On voit ici que cette identification à une catégorie précise par les individus de l'étude est contrebalancée par un retour sur cette identification : il ne s'agit plus seulement de se reporter à des critères socio-démographiques mais aussi de tenir compte de la construction identitaire et peut être des stratégies qui s'y rattachent, de la part des individus.

D'autre part, des études effectuées dans le domaine Marketing nous indiquent que certaines catégorisations peuvent bénéficier d’un affinage dans le temps, en prenant en compte l’état d’esprit des clients et non seulement des critères d’âge, de genre etc. Un de nos enquêtés a réalisé une enquête sur une population de consommatrices de crème pour le visage d’une marque spécifique. Cet échantillon se basait sur le marché existant, et en réalisant

l’enquête, il s’est rendu compte que la tranche d’âge présupposée correspondante à cette population produisait l’exclusion d’une part de marché supplémentaire qui se trouve auprès de la génération suivante, les filles des présupposées consommatrices. C’est en s’intéressant à l’état d’esprit des clientes et pas seulement leur profil social que l’enquêté a recréé une catégorie des consommatrices potentielles.

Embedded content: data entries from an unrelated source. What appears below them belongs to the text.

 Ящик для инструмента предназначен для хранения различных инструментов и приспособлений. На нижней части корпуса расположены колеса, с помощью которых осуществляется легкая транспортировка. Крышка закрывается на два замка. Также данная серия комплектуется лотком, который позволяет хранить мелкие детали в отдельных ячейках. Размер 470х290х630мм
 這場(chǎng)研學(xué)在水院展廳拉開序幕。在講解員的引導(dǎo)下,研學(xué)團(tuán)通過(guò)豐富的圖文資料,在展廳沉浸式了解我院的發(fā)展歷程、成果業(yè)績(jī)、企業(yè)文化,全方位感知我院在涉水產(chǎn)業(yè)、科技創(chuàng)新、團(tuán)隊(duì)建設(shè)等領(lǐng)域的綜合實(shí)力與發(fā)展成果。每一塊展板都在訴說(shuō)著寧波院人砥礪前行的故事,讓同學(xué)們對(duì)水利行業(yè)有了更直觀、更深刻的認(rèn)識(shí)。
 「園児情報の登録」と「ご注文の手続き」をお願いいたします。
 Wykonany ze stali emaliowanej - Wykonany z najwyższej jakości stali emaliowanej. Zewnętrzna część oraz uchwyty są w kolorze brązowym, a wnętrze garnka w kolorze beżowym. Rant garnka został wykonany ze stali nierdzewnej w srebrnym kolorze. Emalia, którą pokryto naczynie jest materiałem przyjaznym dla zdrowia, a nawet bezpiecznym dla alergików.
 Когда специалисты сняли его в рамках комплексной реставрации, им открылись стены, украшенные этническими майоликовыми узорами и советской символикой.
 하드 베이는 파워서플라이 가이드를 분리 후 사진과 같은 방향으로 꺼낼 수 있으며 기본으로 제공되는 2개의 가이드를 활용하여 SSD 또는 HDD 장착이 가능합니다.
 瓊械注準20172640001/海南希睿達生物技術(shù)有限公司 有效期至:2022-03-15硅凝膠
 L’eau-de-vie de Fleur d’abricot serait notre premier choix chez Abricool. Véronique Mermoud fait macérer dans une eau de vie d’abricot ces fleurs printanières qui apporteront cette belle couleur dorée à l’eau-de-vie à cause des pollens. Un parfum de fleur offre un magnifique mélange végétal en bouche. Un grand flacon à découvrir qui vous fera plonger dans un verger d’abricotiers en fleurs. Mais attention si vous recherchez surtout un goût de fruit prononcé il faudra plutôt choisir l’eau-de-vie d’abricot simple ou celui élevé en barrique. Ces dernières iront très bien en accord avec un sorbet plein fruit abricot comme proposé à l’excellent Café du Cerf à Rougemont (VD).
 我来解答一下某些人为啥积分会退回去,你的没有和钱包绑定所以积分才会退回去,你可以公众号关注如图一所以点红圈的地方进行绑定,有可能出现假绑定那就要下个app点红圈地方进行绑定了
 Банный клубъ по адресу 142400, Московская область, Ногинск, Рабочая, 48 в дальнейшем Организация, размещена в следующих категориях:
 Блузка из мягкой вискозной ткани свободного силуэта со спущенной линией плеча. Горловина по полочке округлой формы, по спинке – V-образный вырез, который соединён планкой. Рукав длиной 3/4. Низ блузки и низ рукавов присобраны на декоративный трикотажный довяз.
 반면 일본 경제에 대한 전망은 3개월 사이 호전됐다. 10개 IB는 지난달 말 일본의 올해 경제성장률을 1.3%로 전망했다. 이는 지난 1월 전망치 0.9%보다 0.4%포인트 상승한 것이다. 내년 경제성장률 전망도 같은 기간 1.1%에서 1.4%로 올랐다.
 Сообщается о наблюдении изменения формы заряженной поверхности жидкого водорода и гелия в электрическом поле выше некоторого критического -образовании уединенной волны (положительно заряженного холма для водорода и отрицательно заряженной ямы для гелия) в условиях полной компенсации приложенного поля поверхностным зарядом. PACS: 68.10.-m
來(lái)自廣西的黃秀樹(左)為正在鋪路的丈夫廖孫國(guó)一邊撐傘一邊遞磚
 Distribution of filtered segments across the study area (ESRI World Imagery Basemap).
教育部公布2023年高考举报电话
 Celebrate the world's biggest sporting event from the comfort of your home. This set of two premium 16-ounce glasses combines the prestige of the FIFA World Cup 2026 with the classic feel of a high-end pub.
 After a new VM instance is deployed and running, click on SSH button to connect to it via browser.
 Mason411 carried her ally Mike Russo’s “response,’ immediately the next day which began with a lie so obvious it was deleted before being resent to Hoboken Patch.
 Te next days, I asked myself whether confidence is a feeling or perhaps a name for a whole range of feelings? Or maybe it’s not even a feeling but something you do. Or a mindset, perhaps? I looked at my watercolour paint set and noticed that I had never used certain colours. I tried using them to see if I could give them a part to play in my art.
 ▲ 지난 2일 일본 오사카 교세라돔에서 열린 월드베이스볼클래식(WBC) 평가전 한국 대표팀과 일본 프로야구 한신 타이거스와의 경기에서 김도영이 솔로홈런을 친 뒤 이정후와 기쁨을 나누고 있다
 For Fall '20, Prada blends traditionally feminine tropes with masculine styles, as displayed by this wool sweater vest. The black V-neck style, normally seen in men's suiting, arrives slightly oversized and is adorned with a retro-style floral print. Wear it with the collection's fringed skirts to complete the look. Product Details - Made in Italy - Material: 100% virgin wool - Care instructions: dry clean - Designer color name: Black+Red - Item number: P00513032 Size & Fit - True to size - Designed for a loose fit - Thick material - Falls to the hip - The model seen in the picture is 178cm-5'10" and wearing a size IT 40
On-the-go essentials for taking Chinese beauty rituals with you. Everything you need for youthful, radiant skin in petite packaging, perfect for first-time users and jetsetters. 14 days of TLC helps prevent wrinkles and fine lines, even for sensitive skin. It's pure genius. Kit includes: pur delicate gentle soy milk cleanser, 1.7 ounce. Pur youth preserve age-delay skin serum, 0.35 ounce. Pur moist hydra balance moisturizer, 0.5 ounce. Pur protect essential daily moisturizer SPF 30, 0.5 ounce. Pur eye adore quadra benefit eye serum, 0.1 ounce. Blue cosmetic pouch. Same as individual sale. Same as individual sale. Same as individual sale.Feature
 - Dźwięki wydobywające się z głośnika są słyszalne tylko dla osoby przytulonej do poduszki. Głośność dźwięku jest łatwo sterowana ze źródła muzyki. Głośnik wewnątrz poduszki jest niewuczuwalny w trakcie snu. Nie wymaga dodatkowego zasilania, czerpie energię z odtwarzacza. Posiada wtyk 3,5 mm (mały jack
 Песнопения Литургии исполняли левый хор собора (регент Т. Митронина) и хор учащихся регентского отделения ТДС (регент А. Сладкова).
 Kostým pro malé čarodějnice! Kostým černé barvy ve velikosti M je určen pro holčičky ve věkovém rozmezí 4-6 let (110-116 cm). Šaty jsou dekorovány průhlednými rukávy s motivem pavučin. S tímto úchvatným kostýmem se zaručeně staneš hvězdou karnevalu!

« On a pu relever une différence de critères de choix, et une différence par rapport à nous, à ce qu’on fait. Elles attendent des choses différentes des marques, par rapport à leur mère. Là vraiment, c’est l’exemple en or, parce que les jeunes c’est assez nouveau, c’est une cible qui a émergé il y a deux ans sur tous les marchés ». (femme, 28 ans, MKG)

Il semblerait, au vu des entretiens que nous avons réalisés, que la tendance à segmenter de plus en plus afin de personnaliser une prospection Marketing soit appliquée, en combinant des indicateurs classiques croisés avec des fréquences et types d’achats. Il s’agit de techniques orientées plus sur la psychologie ayant pour but de cibler et mieux qualifier les consommateurs. Lorsqu’une marque a un seul type de cible pour un profil donnée, elle aura tendance à baser ses actions Marketing sur un profil socio-démographique, tandis que si elle attire différents types de clients, elle aura tendance à rechercher une adhésion des consommateurs aux images de marques.

On notera cependant les limites misent en lumières par nos enquêtés, une partie de la population française ne semble pas toujours s’identifier à un groupe particulier, par conséquent ils ne partagent pas non plus ce qu'on peut appeler une "conscience d’appartenance" comme on le fait parfois pour d'autres catégorisations (les ouvriers représentent, par exemple, au-delà d'un découpage économique de la société, un groupe d'individus ayant une culture et un univers de référence souvent propre.)

Dès lors, chercher à appréhender cette population qui ne se constitue pas en fonction d'un groupe d'appartenance selon une méthode déductive semble vouée à l'échec.

Il se peut également que les changements que nos interlocuteurs aient cherchés à repérer en amont de l’étude soient possibles à définir parce que trop flous.

De même, les catégories résultantes seront trop distinctes les unes des autres parce que justement adaptées à un ciblage spécifique, et ne pourront pas permettre une comparaison avec d’autres résultats de catégorisation.

On peut également noter une contradiction entre la tendance Marketing dont le but est de cibler les destinataires d’un produit pour adopter une approche spécifique, plutôt

individualiste (« one to few »), alors que la massification résultant de la catégorisation s’applique de manière globale autour de comportements sociaux communs.